▸ **Aim of the exercise**
The copy must match the data below line for line and contain no images.

▸ **The input**
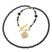 Naszyjnik- Turmalin czarny kulki, zawieszka oko proroka i srebro złocone
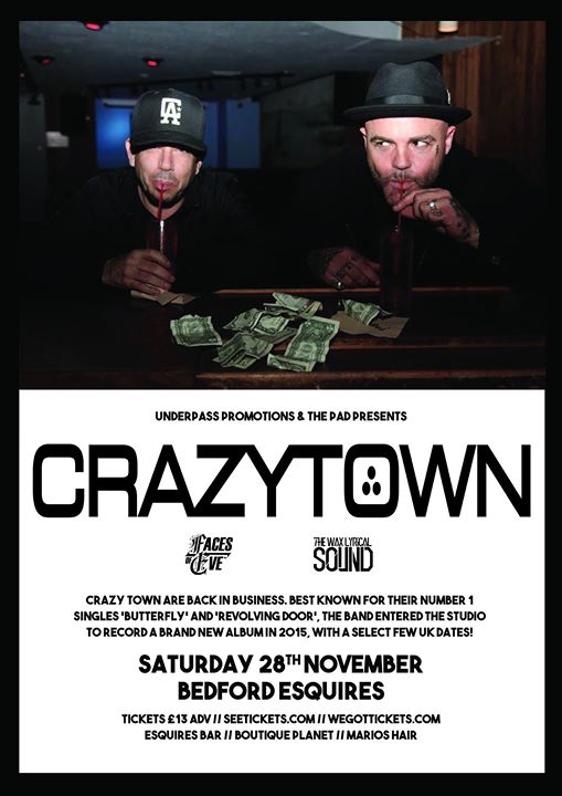 **TONIGHT** CRAZY TOWN // Faces of Eve // The Wax Lyrical Sound // SATURDAY 28th NOVEMBER // BEDFORD ESQUIRES
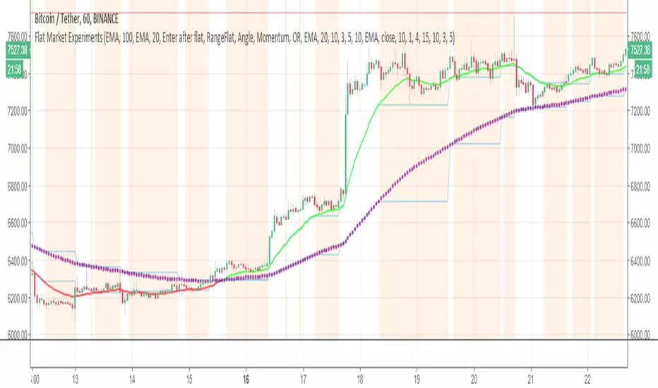 4 separate indicators in one to identify flat/ranging market conditions, with the intention of filtering out MA crosses during periods of flatness (or targetting ranging conditions for mean reversion strats)
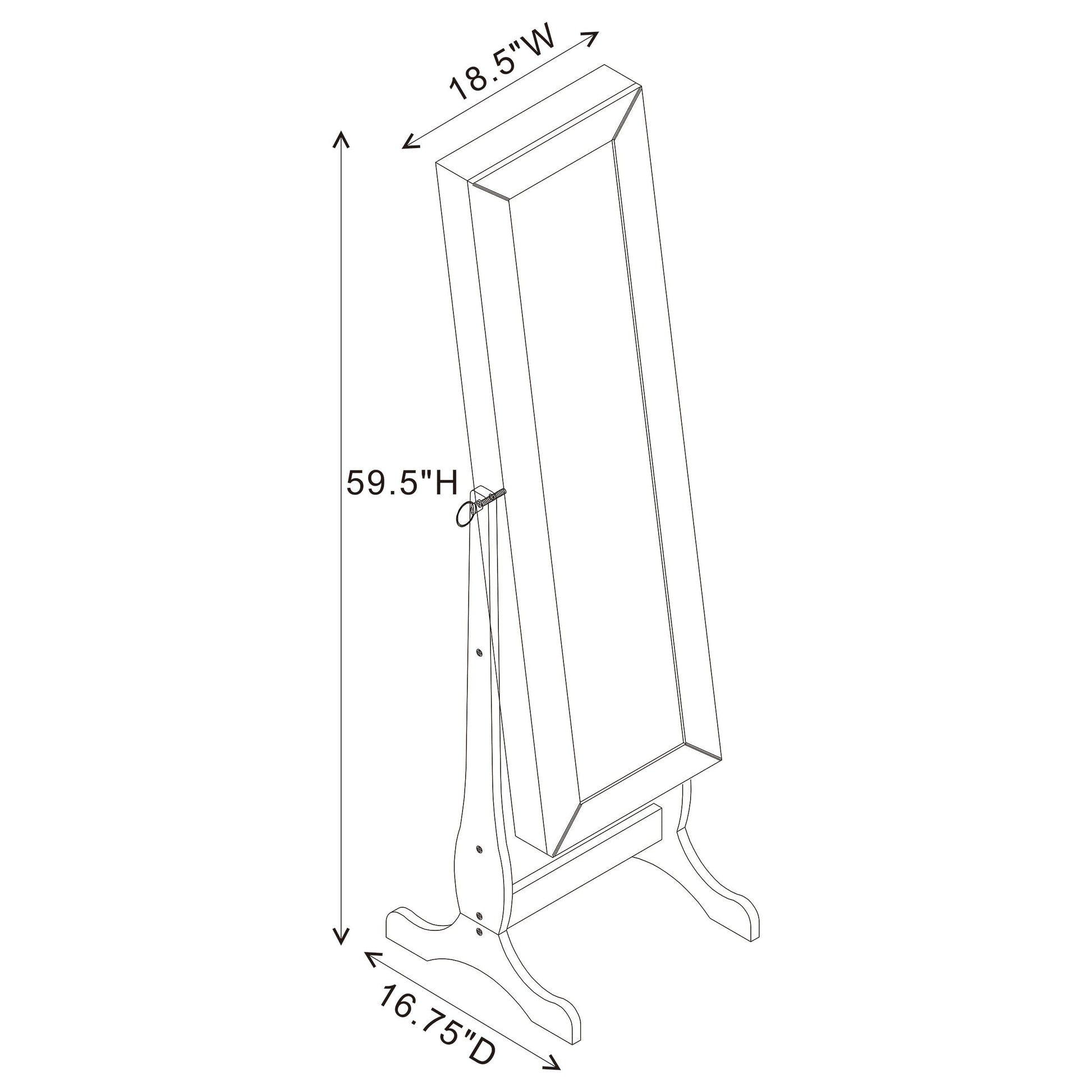 This dual-purpose jewelry Cheval mirror adds practicality to style. It's constructed five feet high to give you plenty of area to check your look from head to toe. Opening up to a green felt-lined storage with enough shelves and a small drawer, it also serves as a jewelry armoire. A four-inch deep jewelry box is built in to hold valuable accessories like watches and bracelets. The mirror is finished in white and tilts for convenience.
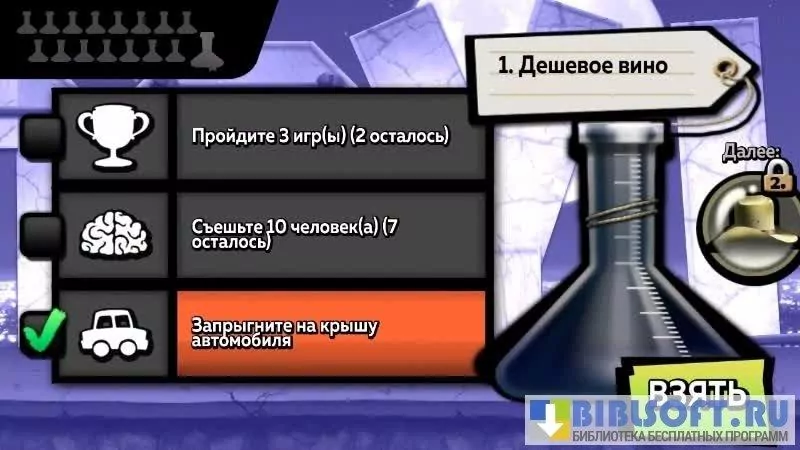 Во время своего бега зомби должны выполнять различные задания, например, съесть определенное количество людей, прыгнув, клонировать несколько себе подобных существ и пр. Выполнение заданий приносит игроку дополнительные суммы денег.
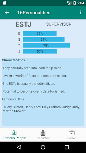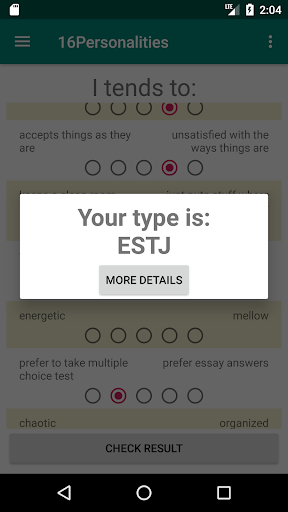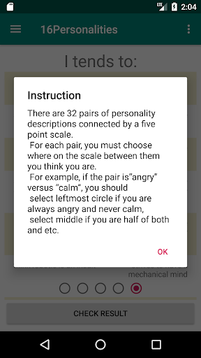 This 16 personalities test is based on four dichotomies and is the system used in the Myers Briggs Type Indicator MBTI and Keirsey Temperament Sorter instruments, among many others.
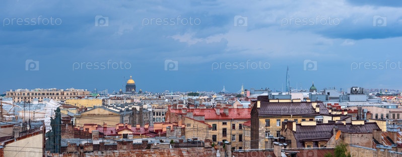 Панорамный вид на крыши города в историческом центре Санкт-Петербурга в дождливый день
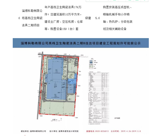 近日,山東恒臺縣公示了“淄博科勒有限公司高檔衛(wèi)生陶瓷潔具二期B技改項目規(guī)劃許可”。根據(jù)恒臺縣2017年數(shù)據(jù)顯示,淄博科勒有限公司擁有隧道窯2條,年產(chǎn)能130萬件。此次高檔衛(wèi)生陶瓷潔具二期項目規(guī)劃,總投資5.6億元,高檔衛(wèi)生陶瓷潔具年產(chǎn)能可達(dá)174萬件;總建筑面積10萬平方米,建設(shè)主廠房、空壓機(jī)房、倉庫等,購置設(shè)備159(臺)套,購置安裝高壓成型機(jī)、噴釉機(jī)械手和小件噴釉、熱風(fēng)爐、分級包裝線及相關(guān)輔助設(shè)備。據(jù)悉,目前二期項目一條生產(chǎn)線試運行,另外三條正安裝調(diào)試。
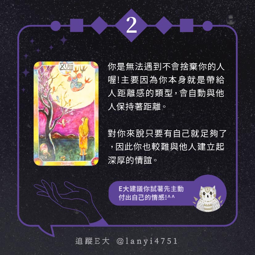 嗨~我是E大,歡迎你來到我的塔羅世界,每天會跟大家分享有趣的塔牌測驗,及塔羅知識喔!

▸ **Your response**
 Naszyjnik- Turmalin czarny kulki, zawieszka oko proroka i srebro złocone
 **TONIGHT** CRAZY TOWN // Faces of Eve // The Wax Lyrical Sound // SATURDAY 28th NOVEMBER // BEDFORD ESQUIRES
 4 separate indicators in one to identify flat/ranging market conditions, with the intention of filtering out MA crosses during periods of flatness (or targetting ranging conditions for mean reversion strats)
 This dual-purpose jewelry Cheval mirror adds practicality to style. It's constructed five feet high to give you plenty of area to check your look from head to toe. Opening up to a green felt-lined storage with enough shelves and a small drawer, it also serves as a jewelry armoire. A four-inch deep jewelry box is built in to hold valuable accessories like watches and bracelets. The mirror is finished in white and tilts for convenience.
 Во время своего бега зомби должны выполнять различные задания, например, съесть определенное количество людей, прыгнув, клонировать несколько себе подобных существ и пр. Выполнение заданий приносит игроку дополнительные суммы денег.
 This 16 personalities test is based on four dichotomies and is the system used in the Myers Briggs Type Indicator MBTI and Keirsey Temperament Sorter instruments, among many others.
 Панорамный вид на крыши города в историческом центре Санкт-Петербурга в дождливый день
 近日,山東恒臺縣公示了“淄博科勒有限公司高檔衛(wèi)生陶瓷潔具二期B技改項目規(guī)劃許可”。根據(jù)恒臺縣2017年數(shù)據(jù)顯示,淄博科勒有限公司擁有隧道窯2條,年產(chǎn)能130萬件。此次高檔衛(wèi)生陶瓷潔具二期項目規(guī)劃,總投資5.6億元,高檔衛(wèi)生陶瓷潔具年產(chǎn)能可達(dá)174萬件;總建筑面積10萬平方米,建設(shè)主廠房、空壓機(jī)房、倉庫等,購置設(shè)備159(臺)套,購置安裝高壓成型機(jī)、噴釉機(jī)械手和小件噴釉、熱風(fēng)爐、分級包裝線及相關(guān)輔助設(shè)備。據(jù)悉,目前二期項目一條生產(chǎn)線試運行,另外三條正安裝調(diào)試。
 嗨~我是E大,歡迎你來到我的塔羅世界,每天會跟大家分享有趣的塔牌測驗,及塔羅知識喔!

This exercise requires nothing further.